Whether you hit for power, hit for average, or have trouble hitting, you can always help your team in critical situations by laying down a successful bunt. Many players, both novice and experienced, have difficulty laying down a good bunt. If you want to be a complete hitter that can help his team in any situation, you need to spend the time necessary to become a good bunter. Good technique and practice is all that's required to become a quality bunter. You never know when you may be asked to lay down a sacrifice bunt for the team or when a good drag bunt will provide an easy base hit. Prepare yourself during practice as if you are going to be asked to bunt in a critical situation in the next game either for a base hit or to help the team. It really comes down to desire, if you want to become a complete ball player than you will want to work at becoming a good bunter.

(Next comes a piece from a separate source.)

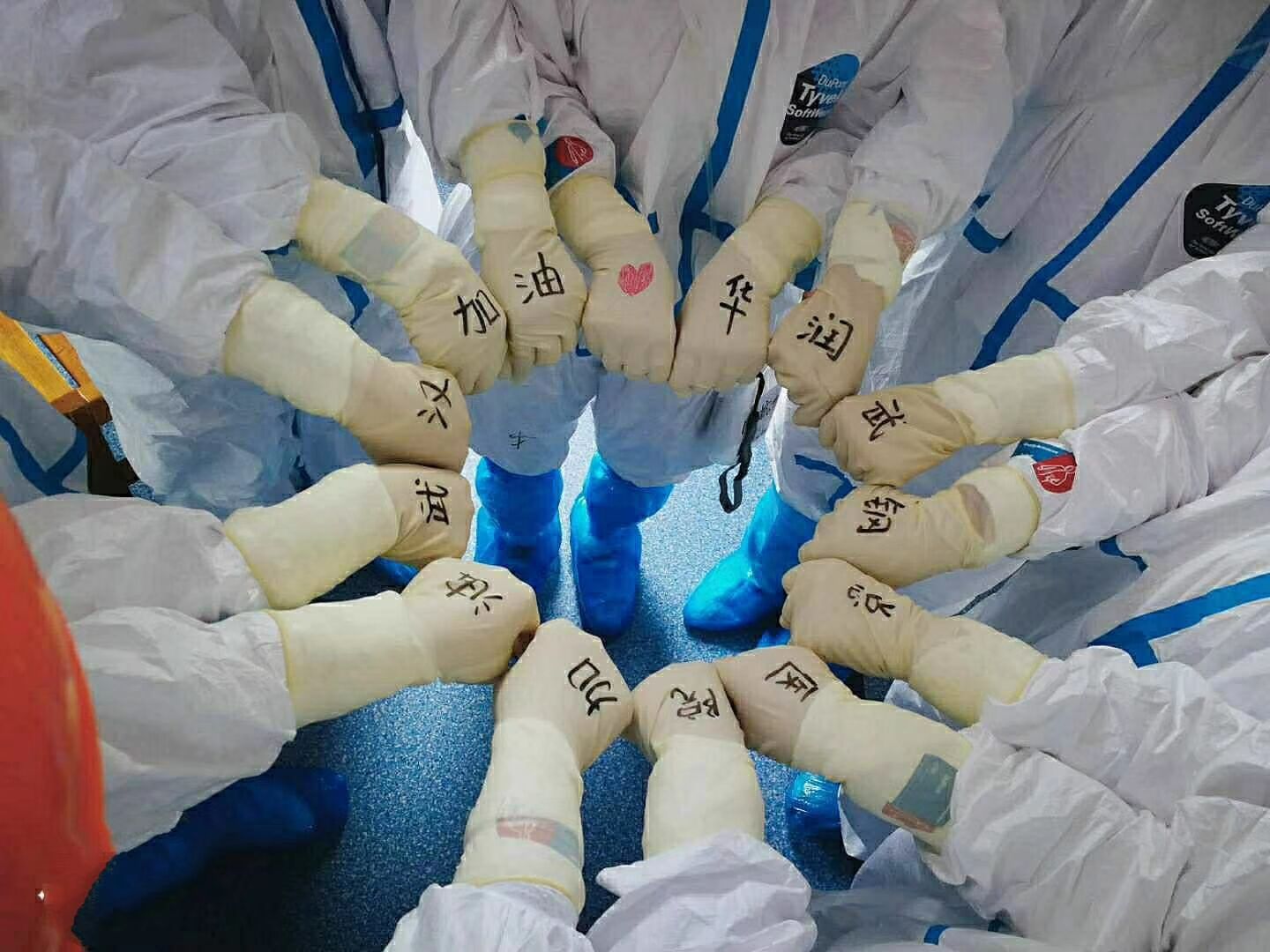 廣大醫務人員白衣執甲、逆行而上、英勇無畏、披荊斬棘、舍生忘死沖向前線挽救患者生命?!拔沂枪伯a黨員,我上”“我年輕,我上”……一封封請戰書上寫滿了白衣戰士的無畏選擇,誓言鏗鏘,丹心閃耀。13個黨支部、4個臨時黨支部、9個黨員突擊隊,全院300多名黨員沖鋒陷陣,讓鮮紅的黨旗在抗疫一線迎風飄揚。他們承受著身體和心理的極限壓力,臉頰被口罩勒出血痕甚至潰爛,雙手因汗水長時間浸泡發白,錯過除夕佳節與家人團聚……即便如此,他們始終不忘初心,用血肉之軀筑起生命的防火墻。期間,涌現出了一大批先進人物和感人事跡。在救治患者的過程中不慎感染新冠的泌尿燒傷外科副主任醫師黃飛治愈后第一時間義務捐獻血漿400CC;呼吸與危重癥醫學科主任李欣獲全國衛生健康系統新冠肺炎防控先進個人稱號,支援金銀潭醫院醫療隊隊長黃萍榮獲湖北五一勞動獎章,血透室護士長虞莎榮獲武漢市抗擊新冠肺炎杰出護理管理者,王璇榮獲武漢市抗擊新冠肺炎杰出護士榮譽稱號……此外,在抗疫的后方,還有在寒風雨夜奔往高速路口搬運防護物資的采購員,有確保水電正常供應、高效完成病區改造的后勤工人,有晝夜趕工搭建遠程會診平臺的信息技術人員,還有扎根一線負責新聞報道的宣傳人員……他們同樣是這場戰疫中值得銘記的“英雄”!

The purpose of the sacrifice bunt is to move a runner into scoring position. It's often used in late innings and critical situations. So why is it that so many players are not very skilled at laying down a sacrifice bunt? The primary reason is poor technique.
There are basically two methods of laying down a sacrifice bunt, either pivoting or squaring around towards the mound. The most important thing is balance, comfort, and confidence. Experiment with both methods to see which technique works best for you. No matter which method you use, the way you grip the bat will be the same.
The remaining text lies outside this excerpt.